DATASET EXTRACT START
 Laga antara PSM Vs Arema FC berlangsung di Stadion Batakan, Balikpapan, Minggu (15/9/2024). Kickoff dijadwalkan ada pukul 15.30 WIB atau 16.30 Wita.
DATASET EXTRACT END
DATASET EXTRACT START
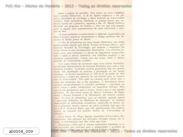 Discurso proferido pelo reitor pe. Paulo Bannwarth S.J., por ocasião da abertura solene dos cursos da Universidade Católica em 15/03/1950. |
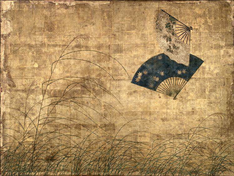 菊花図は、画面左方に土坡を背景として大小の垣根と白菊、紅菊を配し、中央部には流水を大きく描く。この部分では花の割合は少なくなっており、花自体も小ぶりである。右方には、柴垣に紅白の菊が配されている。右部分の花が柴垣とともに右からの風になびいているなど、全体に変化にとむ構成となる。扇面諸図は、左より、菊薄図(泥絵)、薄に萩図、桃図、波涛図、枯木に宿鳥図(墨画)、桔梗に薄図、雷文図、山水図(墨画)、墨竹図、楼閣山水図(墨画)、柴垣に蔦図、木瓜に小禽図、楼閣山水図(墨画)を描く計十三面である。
DATASET EXTRACT END
INSTRUCTIONS FOR THE TASK: Look above for the line with "Discurso proferido pelo", then give again exactly every line from there through the line with "菊花図は、画面左方に土坡を背", skipping the pictures.

RESULT OF THE TASK:
 Discurso proferido pelo reitor pe. Paulo Bannwarth S.J., por ocasião da abertura solene dos cursos da Universidade Católica em 15/03/1950. |
 菊花図は、画面左方に土坡を背景として大小の垣根と白菊、紅菊を配し、中央部には流水を大きく描く。この部分では花の割合は少なくなっており、花自体も小ぶりである。右方には、柴垣に紅白の菊が配されている。右部分の花が柴垣とともに右からの風になびいているなど、全体に変化にとむ構成となる。扇面諸図は、左より、菊薄図(泥絵)、薄に萩図、桃図、波涛図、枯木に宿鳥図(墨画)、桔梗に薄図、雷文図、山水図(墨画)、墨竹図、楼閣山水図(墨画)、柴垣に蔦図、木瓜に小禽図、楼閣山水図(墨画)を描く計十三面である。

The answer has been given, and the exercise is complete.